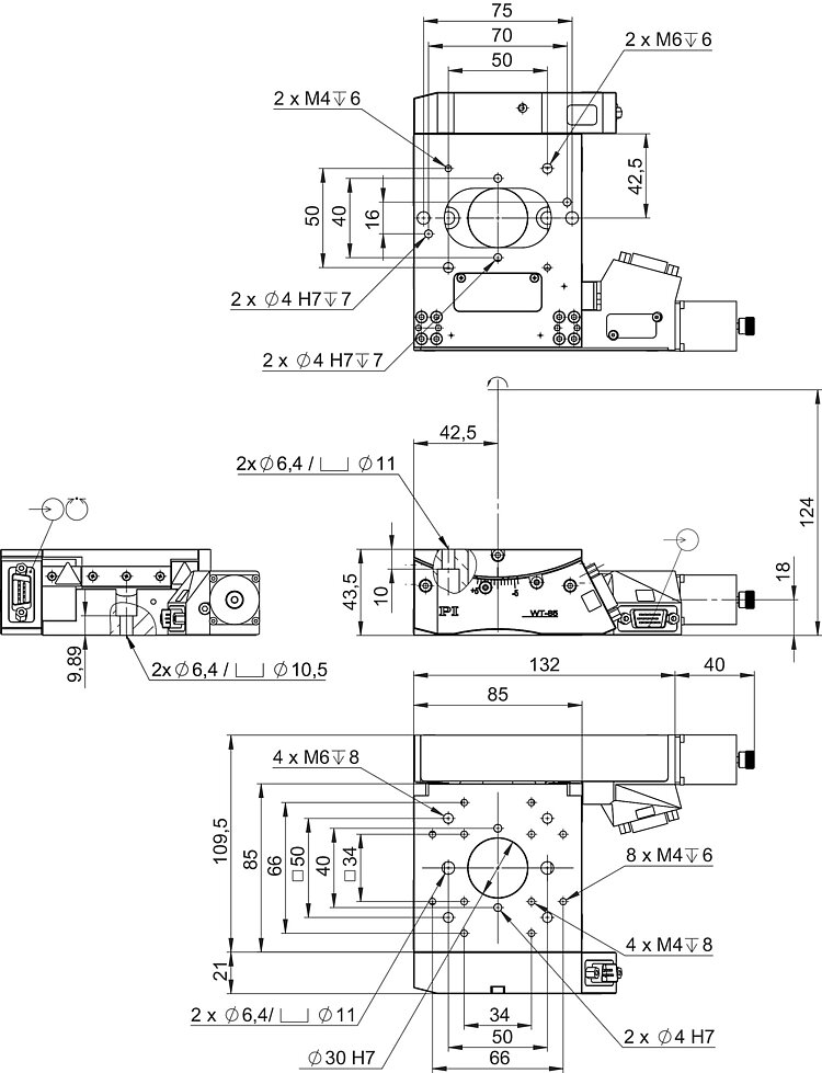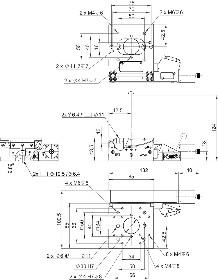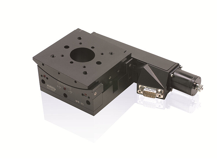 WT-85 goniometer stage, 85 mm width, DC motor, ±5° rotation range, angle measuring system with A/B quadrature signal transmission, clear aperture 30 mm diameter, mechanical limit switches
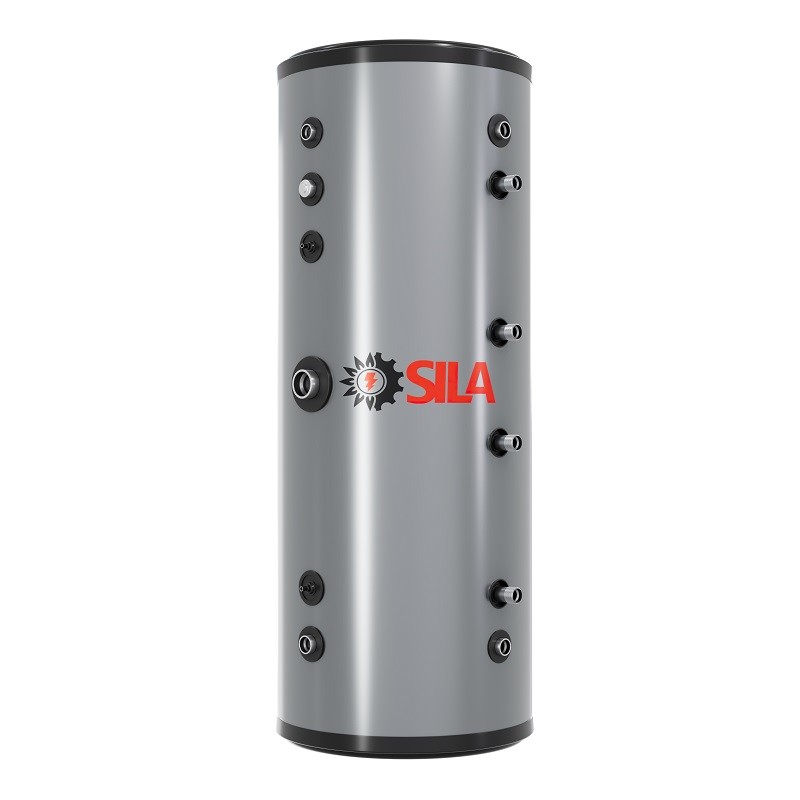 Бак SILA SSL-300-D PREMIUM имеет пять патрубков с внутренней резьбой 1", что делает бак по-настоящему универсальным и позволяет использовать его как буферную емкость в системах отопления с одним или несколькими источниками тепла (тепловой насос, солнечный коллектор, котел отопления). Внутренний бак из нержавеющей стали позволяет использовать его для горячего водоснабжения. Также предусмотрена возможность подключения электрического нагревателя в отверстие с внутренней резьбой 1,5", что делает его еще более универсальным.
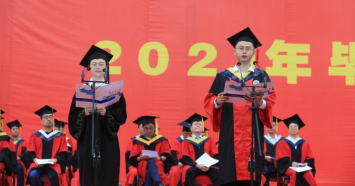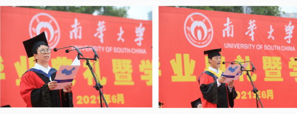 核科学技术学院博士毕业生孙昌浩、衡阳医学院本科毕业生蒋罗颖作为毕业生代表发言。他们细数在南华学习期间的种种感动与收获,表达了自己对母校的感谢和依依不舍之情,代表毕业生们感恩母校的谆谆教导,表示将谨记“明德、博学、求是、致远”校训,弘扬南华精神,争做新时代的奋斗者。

Problem details:
Set down the material again exactly. Don't carry over any pictures.

Solution to this problem:
 WT-85 goniometer stage, 85 mm width, DC motor, ±5° rotation range, angle measuring system with A/B quadrature signal transmission, clear aperture 30 mm diameter, mechanical limit switches
 Бак SILA SSL-300-D PREMIUM имеет пять патрубков с внутренней резьбой 1", что делает бак по-настоящему универсальным и позволяет использовать его как буферную емкость в системах отопления с одним или несколькими источниками тепла (тепловой насос, солнечный коллектор, котел отопления). Внутренний бак из нержавеющей стали позволяет использовать его для горячего водоснабжения. Также предусмотрена возможность подключения электрического нагревателя в отверстие с внутренней резьбой 1,5", что делает его еще более универсальным.
 核科学技术学院博士毕业生孙昌浩、衡阳医学院本科毕业生蒋罗颖作为毕业生代表发言。他们细数在南华学习期间的种种感动与收获,表达了自己对母校的感谢和依依不舍之情,代表毕业生们感恩母校的谆谆教导,表示将谨记“明德、博学、求是、致远”校训,弘扬南华精神,争做新时代的奋斗者。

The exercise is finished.